Select JSON or CSV to match what your sender will POST.
Pick Replace (each payload replaces all data) or Append (each payload adds rows to the existing data).
Add a signature secret if you want Dotwave to verify that payloads genuinely came from your sender.
Click Create, then Activate the webhook. Dotwave shows the unique URL to send data to.
Send data to your webhook
Once the webhook is active, POST your payload to the generated URL. Here is a minimal example using curl with a JSON body:
curl -X POST YOUR_WEBHOOK_URL \
-H "Content-Type: application/json" \
-d '[{"col1":"value","col2":123}]'
Replace YOUR_WEBHOOK_URL with the URL Dotwave generated. The same request works from any language or automation tool — the only requirements are the correct URL, the right content type, and a body in the format you selected.
Payload format
The body you send depends on the format you chose when creating the webhook:
- JSON — send either an array of objects,
[{...}, {...}], or an object with adatawrapper,{"data": [...]}. Each object is one row and its keys become columns. - CSV — send standard CSV text with the column headers in the first row, followed by one row of values per line.
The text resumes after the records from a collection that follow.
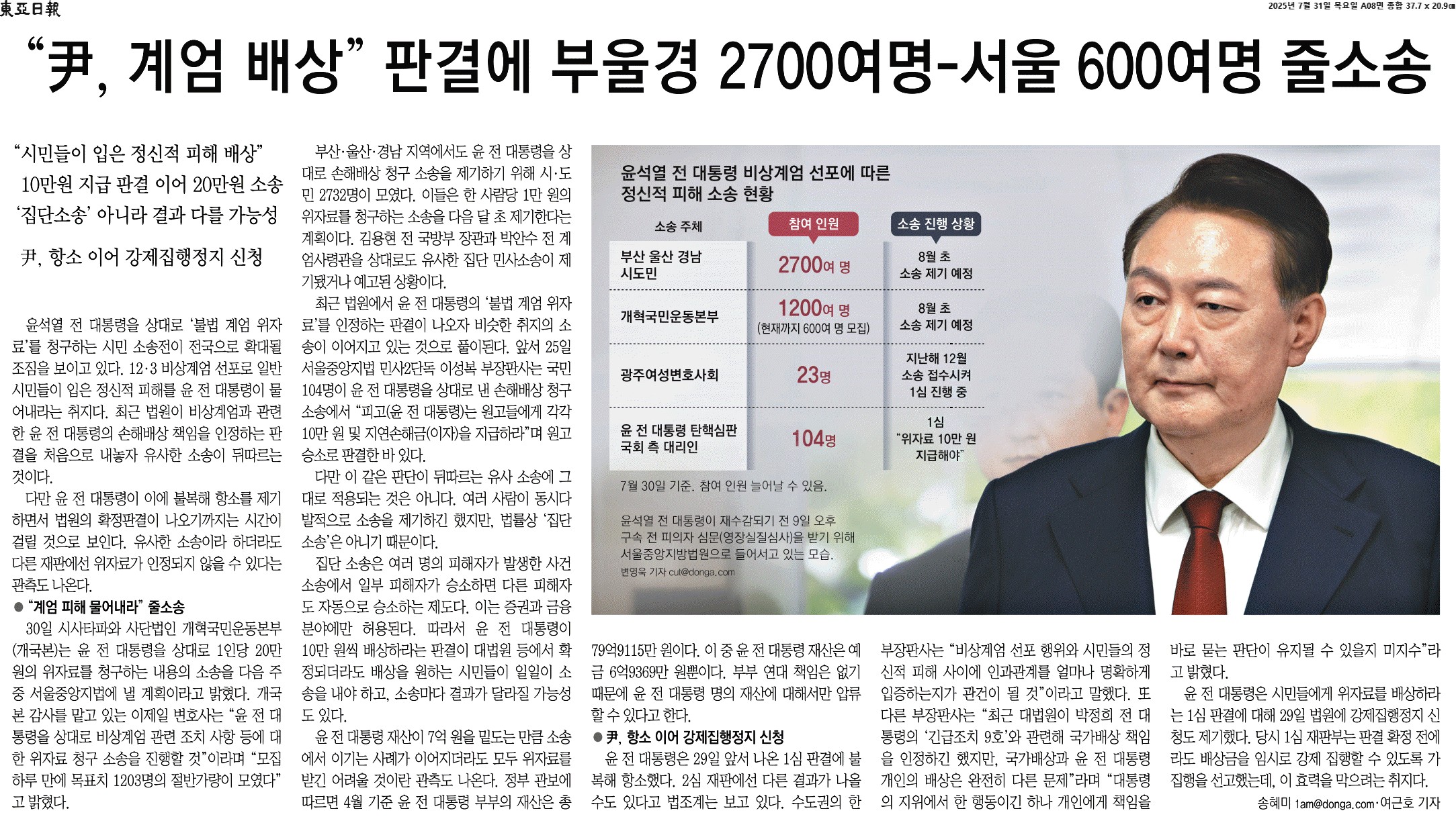 ② 최근 법원에서 윤 전 대통령의 ‘불법 계엄 위자료’를 인정하는 판결이 나오자 비슷한 취지의 소송이 이어지고 있는 것으로 풀이된다. 앞서 25일 서울중앙지법 민사2단독 이성복 부장판사는 국민 104명이 윤 전 대통령을 상대로 낸 손해배상 청구소송에서 “피고(윤 전 대통령)는 원고들에게 각각 10만 원 및 지연손해금(이자)을 지급하라”며 원고 승소로 판결한 바 있다.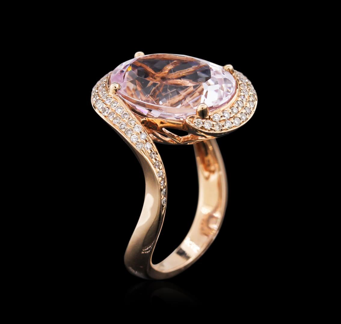 One ring featuring: 14KT rose gold weighing 5.13 grams containing one kunzite center stone with a total weight of 7.41ct and 82 round diamonds with a total weight of 0.33ct.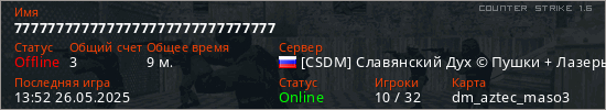 Последний раз был в сети 13:52 26.05.2025 Игрок с таким ником замечен на 30 серверах
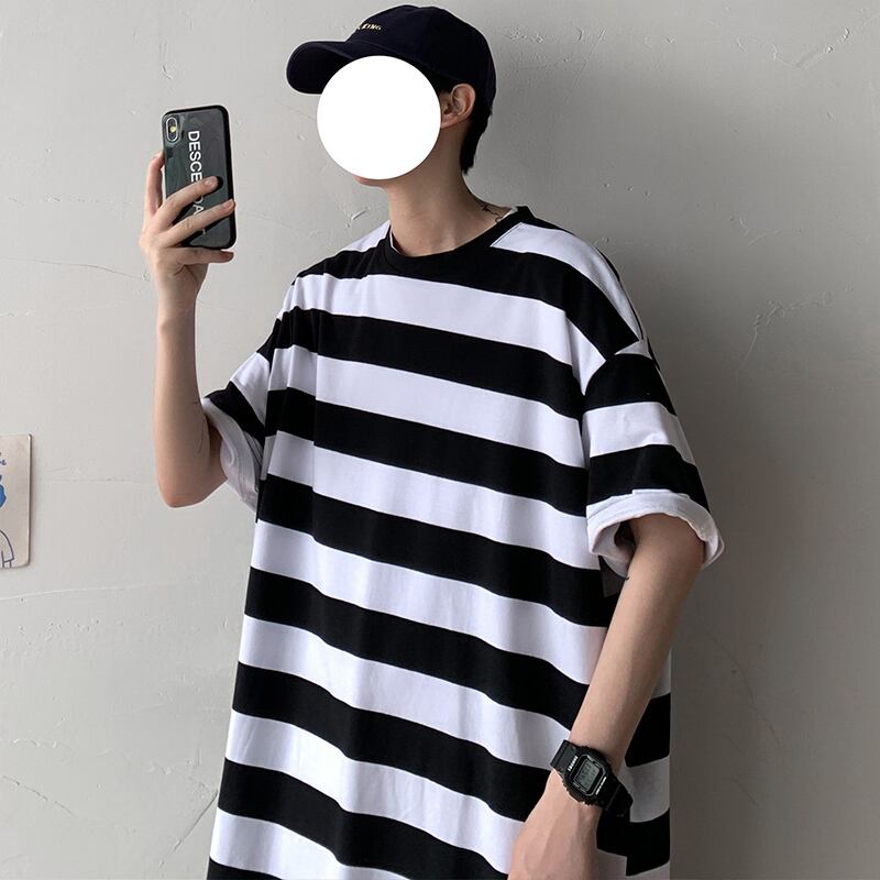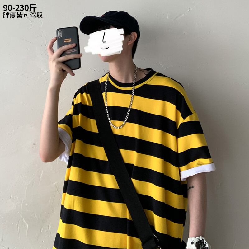 ストライプTシャツ ルーズラウンドネックサマー 大きめサイズ 夏物 Oネック ヒップホッププラスサイズ58956364979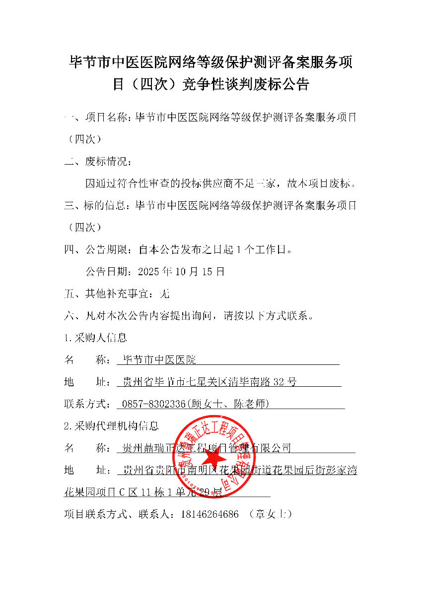 毕节市中医医院网络等级保护测评备案服务项目(四次)竞争性谈判废标公告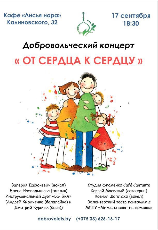 | | 11 СЕНТЯБРЯ 2017 (Понедельник) 13:46:22 17 сентября в минском кафе Лисья Нора (ул.Калиновского, 32) пройдёт благотворительный концерт "От сердца к сердцу". Начало в 18.30.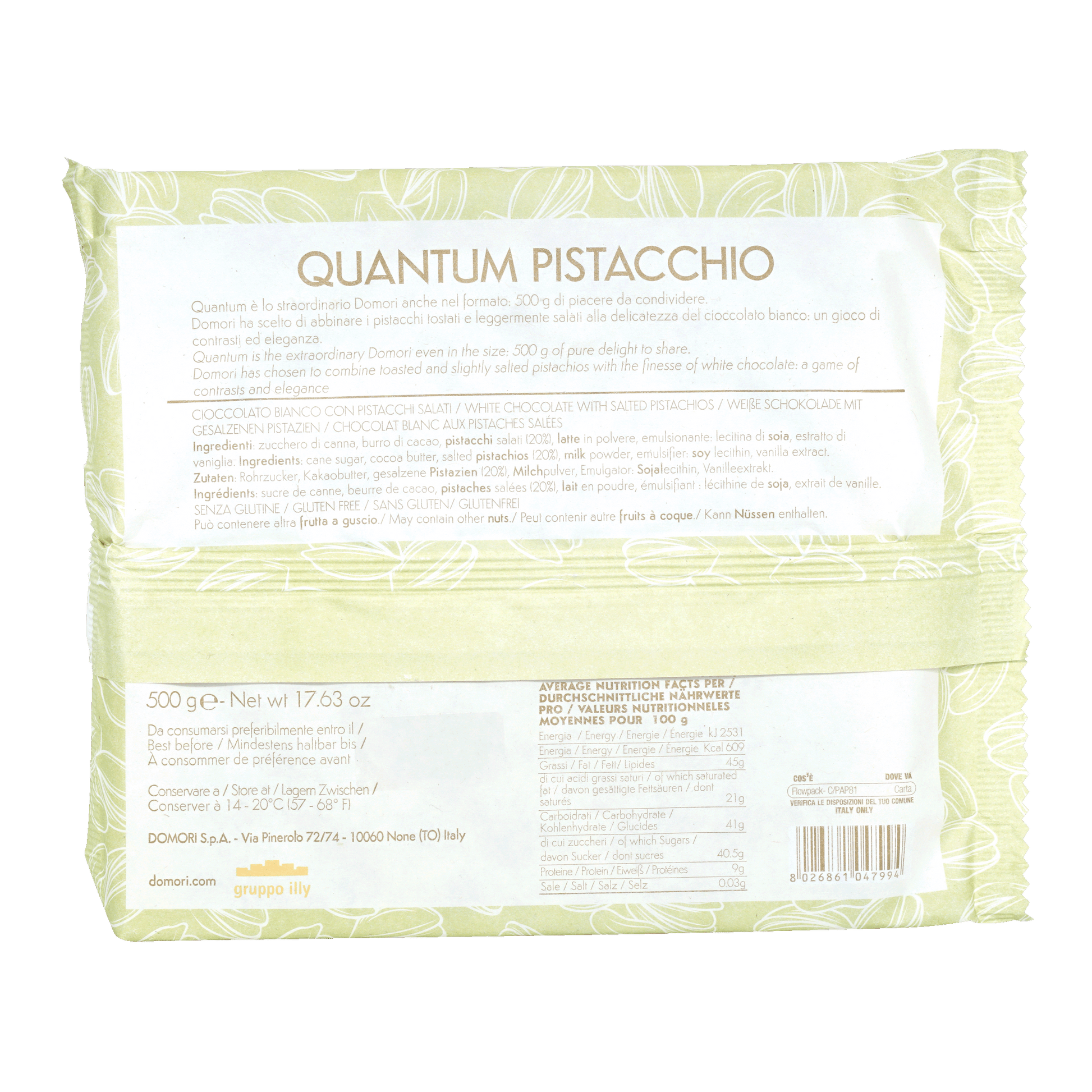 Domori reinvents this maxi 500g bar by combining the sweetness of white chocolate with the crunchiness of salted pistachios in order to satisfy any palate in search of new flavors to savor. This large format chocolate slab is great for social gatherings and sharing.

Use Append mode for streaming data that arrives in batches. Use Replace for full refreshes where each payload is the complete dataset.
Verifying and securing payloads
If you added a signature secret, configure your sender to sign each request with it so Dotwave can reject anything that does not match. Because the webhook URL is effectively a credential, avoid committing it to source control or pasting it into shared documents. If a URL is ever exposed, delete the webhook and create a new one — the old URL stops accepting data immediately.
In Append mode, each accepted payload adds rows without removing existing ones, so a dataset can grow indefinitely. Plan periodic Replace payloads or downstream filtering if you only care about a recent window of data.